Ongoing investigation of women with hypertension in pregnancy
|Chronic hypertension||Assess for proteinuria
If sudden increase in BP or new proteinuria
|Gestational hypertension||Assess for proteinuria
|Preeclampsia||Assess for proteinuria
|At time of diagnosis: if non-proteinuric repeat daily
Twice weekly or more frequent if unstable
Maternal and Fetal Implications
Hypertension in pregnancy places patients and their fetuses at great risk for a variety of complications. Some of the most significant maternal complications of hypertension in pregnancy include cerebral vascular accident (CVA, or stroke), disseminated intravascular coagulation (DIC), and placental abruption from the elevated blood pressure.
Additionally, patients are at risk for the development of HELLP syndrome in the presence of gestational hypertension. Just as its name implies, HELLP syndrome causes great dysfunction within the body and requires immediate intervention. It is characterized by:
- Hemolysis of red blood cells, which leads to anemia
- Elevated liver enzymes leading to epigastric pain
- Low platelets, which cause abnormal bleeding and clotting as well as petechiae
Patients whose function continues to decline without intervention can develop eclampsia and are at risk for cerebral hemorrhage, DIC, and placental abruption. Fetal complications include intrauterine growth retardation and premature delivery resulting from decreased placenta perfusion.
Medical treatment for patients with pregnancy-related hypertension greatly depends on the severity of hypertension and the gestational age of the fetus, as well as the potential risk to the patient and fetus. During early pregnancy, outpatient management is usually appropriate; these patients are monitored at home for blood pressure and proteinuria.

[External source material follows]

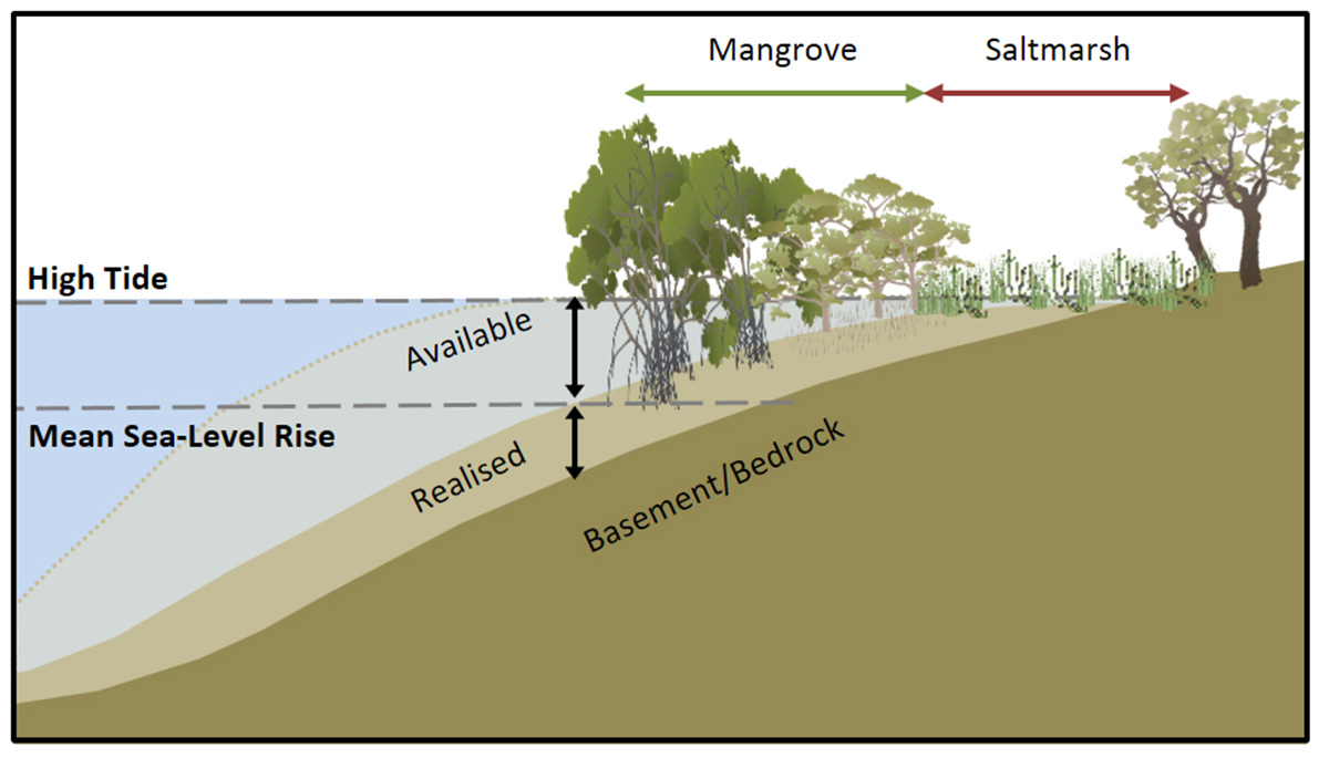 Sea-level rise leads to increased carbon sequestration due to what the researchers call “accommodation space” – the area available for a wetland to store mineral and organic sediments. In coastal wetlands, the boundaries of the accommodation space align with the upper half of the intertidal zone, roughly between the mean sea level and the high-tide level. As the sea level rises, so does the mean sea level and the high-tide mark, increasing the accommodation space in which carbon can be stored.

Regular fetal monitoring is necessary to evaluate fetal well-being.
In addition, placental perfusion tests can also be performed to assess and monitor uteroplacental sufficiency.
Patients with evidence of severe dysfunction such as seizures, oliguria, renal failure, or HELLP syndrome are usually delivered immediately.Since delivery is the only known cure for pregnancy-related hypertension, many healthcare practitioners will recommend immediate induction and delivery if the patient is near-term and shows signs of severe preeclampsia or eclampsia.
However, if the healthcare practitioner determines that the fetus is too premature for delivery, antihypertensive medications may be administered to decrease blood pressure, thereby prolonging fetal growth in utero.
Glucocorticoids are administered to enhance fetal lung maturity.Healthcare practitioners may prescribe magnesium sulfate (MgSO4) during labor and delivery to prevent seizures.Magnesium sulfate is not used to control hypertension. Magnesium sulfate is administered intravenously via an infusion delivery device during delivery and for 24 hours post delivery.
Since MgSO4 can cause fetal respiratory depression following delivery, arrangements should be made for specialized neonatal care.